People suffering from gastric reflux over a longer period of time will develop a so-called Barrett’s Esophagus (BE). This is a condition, in which the lower part of the esophagus is covered with a different type of tissue. Normal esophageal tissue cannot resist gastric acid, which typically escapes from the stomach in people suffering from reflux. As a defense mechanism the body starts replacing the esophageal tissue with a tissue type similar to that of the small intestine, which is acid-resistant. However, this process greatly increases the chance of developing cancer. Patients with a BE are regularly screened and if the developing cancer is detected at an early stage, it can removed by a small surgical procedure. When the cancer is detected at a later stage of the disease, the only treatment is surgical removal of the entire esophagus and the survival chances of the patient are drastically decreased (nearly 100% five-year-survival for early detection vs. 10-15% five-year-survival for late detection). Hence, it is of crucial importance to the patient that these cancers are detected at an early stage. However, these early cancerous lesions have shown to be very hard to identify by endoscopic inspection and are therefore regularly missed. For this reason, a Computer-Aided Detection (CAD) system to aid the gastroenterologist in identifying these early cancerous lesions in BE is highly desirable. Furthermore, such a system offers an objective second opinion, to reduce the considerable intra-observer variability for Barrett cancer detection.

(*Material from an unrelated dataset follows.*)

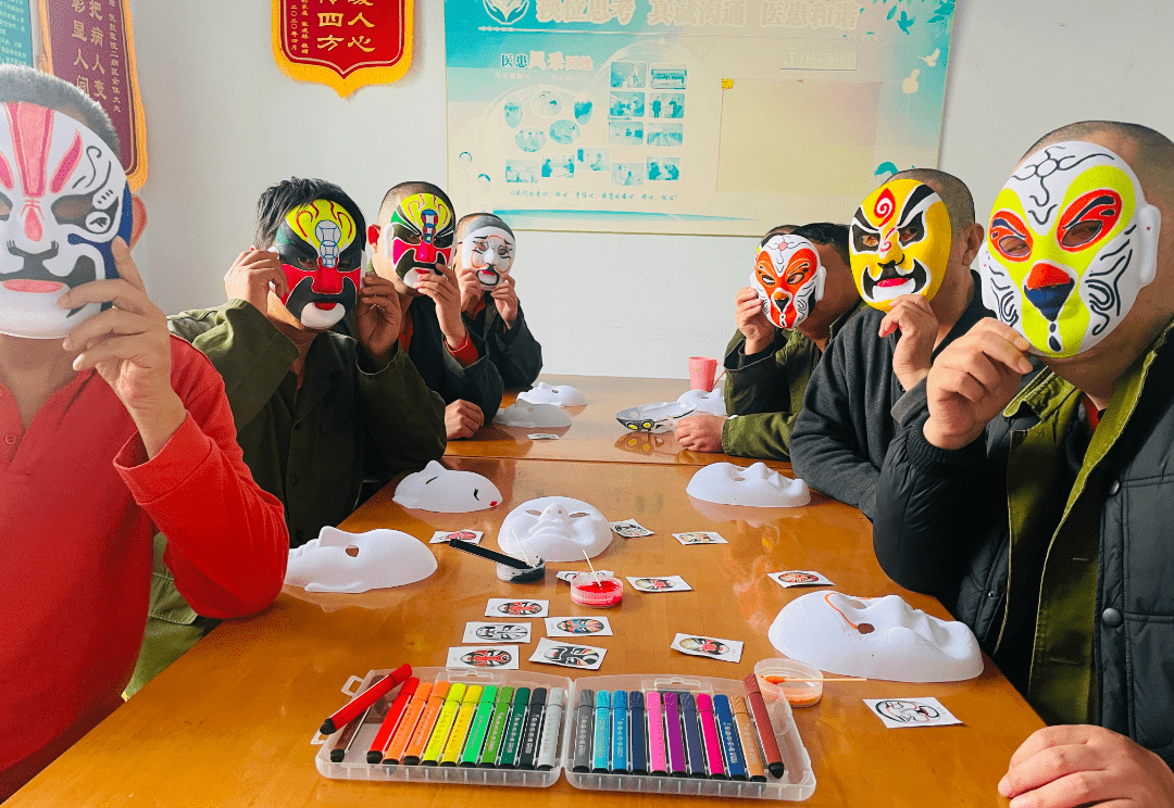 藝術(shù)創(chuàng)作轉(zhuǎn)移患者對(duì)病態(tài)體驗(yàn)的過(guò)度關(guān)注,減少焦慮與抑郁情緒;精細(xì)動(dòng)作訓(xùn)練(如握筆、裁剪)幫助恢復(fù)手部協(xié)調(diào)能力;集體活動(dòng)則重建社交信心:臉譜、書法等傳統(tǒng)文化元素激發(fā)患者對(duì)美的感知,增強(qiáng)文化認(rèn)同感。

In this project, a CAD system is developed that inspects the esophageal tissue during endoscopic screening. Over the past couple of years, we have explored different machine learning methods, such as Support Vector Machines (SVM), Decision Forests and Neural Networks for this purpose. In our studies, we have analyzed the spectral characteristics of early cancerous tissue and exploited this knowledge to develop tuned wavelet-based filters that are able to capture the distinctive texture patterns associated with early cancer. Furthermore, we have experimented with different features that are often used in computer vision algorithms, such as Local Binary Patterns (LBP), Gray-Level Co-occurrence Matrices (GLCM) and Histogram of Oriented Gradients (HOG). Our latest results show that trained computer algorithms are able to detect early cancer in BE, with an accuracy close to that of internationally recognized experts.
Although promising results are demonstrated for automated Barrett’s cancer detection, a number of steps still need to be taken to prepare such an algorithm for clinical application. The current algorithm operates on still endoscopic images, while a clinical system must process endoscopic video. Although endoscopic video analysis offers additional challenges, such as variable frame quality and strong demands on processing time, it also yields a number of opportunities, like exploiting temporal information. The three involved hospitals are expert centers regarding Barrett’s esophagus and provide a continuous stream of endoscopic videos for our joint research collaboration. In this project, we employ these endoscopic video’s for the development of an system for the automated detection of early Barrett’s cancer. This involves a number of research activities, which are listed below.
- Efficient implementation of adequate preprocessing to enable (real-time) endoscopic video processing
- Identification of discriminative features and machine learning methods for robust and accurate cancer detection
- Evaluation of the developed cancer detection methods on endoscopic videos, annotated by at least three experts on Barrett cancer
A C++ framework is currently available to allow frame-by-frame analysis of the endoscopic videos. However, the detection performance is not optimal and should become more robust and novel methods should be investigated and implemented to achieve this result. Although the current C++ algorithm executes very fast, for investigation the potential of Convolutional Neural Networks (CNN), other programming environments could also be used, such as TensorFlow and Python.